Your assignment:
What you return must be the data below, word for word, without any images.

Provided material:
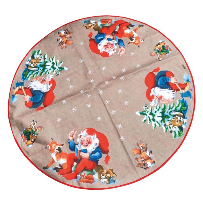 Fördjupa dig i julens sagovärld med denna stora och stämningsfulla julgransmatta illustrerad av Vilhelm Hansen. Här möts du av vänliga tomtar, nyfikna skogsdjur och små vinterdetaljer som tillsammans skapar en förtrollande scen under granens grenar. Motivet är fullt av liv och färger, precis som de klassiska illustrationer som gjort Hansen älskad i generationer. Mattan är tillverkad i mjuk polyester, och det röda kantbandet ger en vacker avslutning som framhäver hela det nostalgiska uttrycket. Med sina rymliga 135 centimeter i diameter passar den perfekt under större julgranar, där den blir en naturlig samlingsplats för klappar, pynt och julens alla små traditioner.
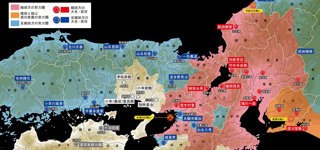 ちょうど中国では毛利が九州では大友が勢力伸ばしてて、四国では長宗我部が台頭し始める
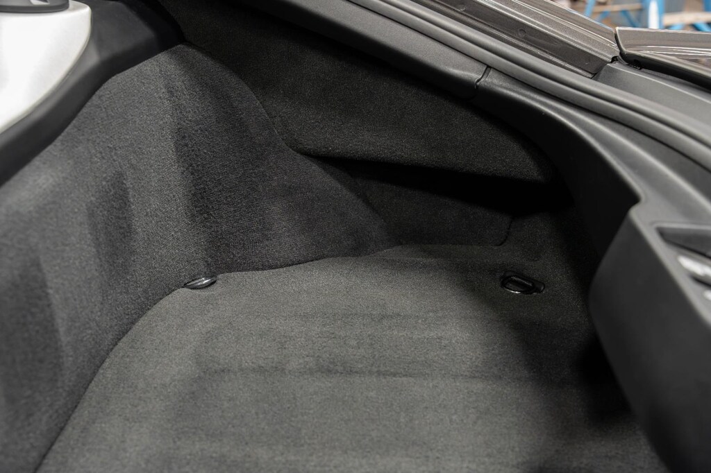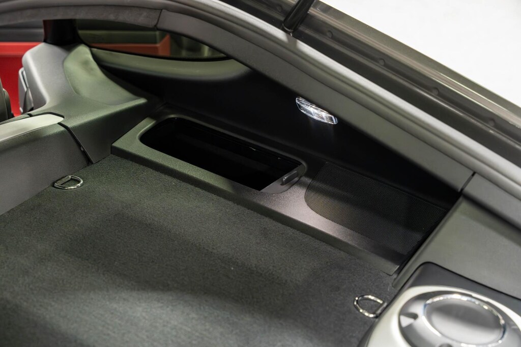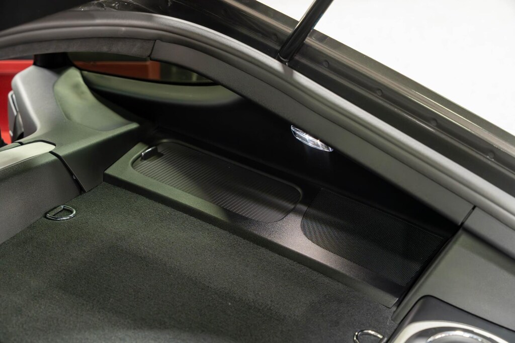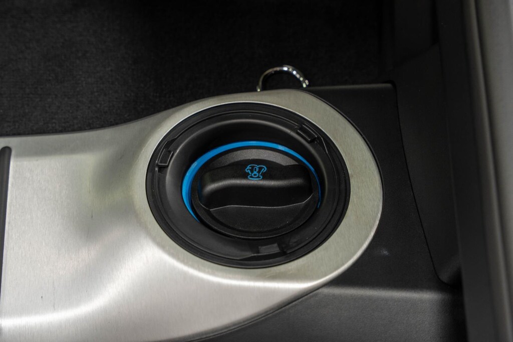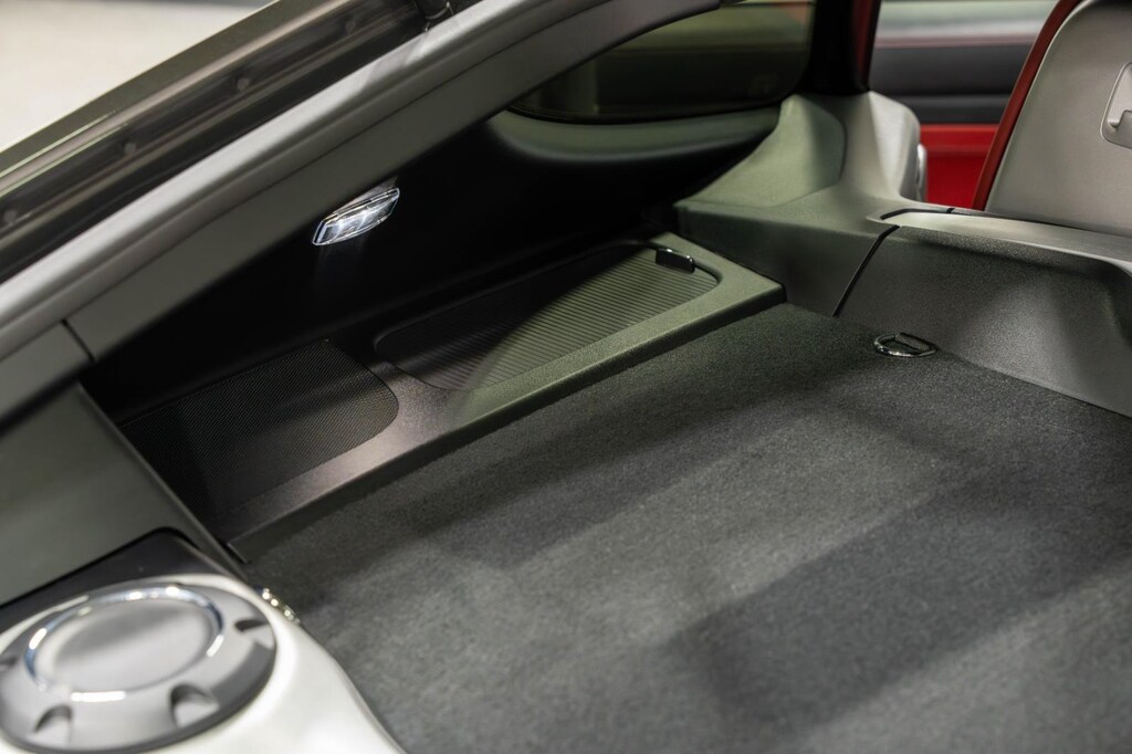 - The vehicle is equipped with a camera that displays an image of the area behind the vehicle on an interior display.

Result:
 Fördjupa dig i julens sagovärld med denna stora och stämningsfulla julgransmatta illustrerad av Vilhelm Hansen. Här möts du av vänliga tomtar, nyfikna skogsdjur och små vinterdetaljer som tillsammans skapar en förtrollande scen under granens grenar. Motivet är fullt av liv och färger, precis som de klassiska illustrationer som gjort Hansen älskad i generationer. Mattan är tillverkad i mjuk polyester, och det röda kantbandet ger en vacker avslutning som framhäver hela det nostalgiska uttrycket. Med sina rymliga 135 centimeter i diameter passar den perfekt under större julgranar, där den blir en naturlig samlingsplats för klappar, pynt och julens alla små traditioner.
 ちょうど中国では毛利が九州では大友が勢力伸ばしてて、四国では長宗我部が台頭し始める
 - The vehicle is equipped with a camera that displays an image of the area behind the vehicle on an interior display.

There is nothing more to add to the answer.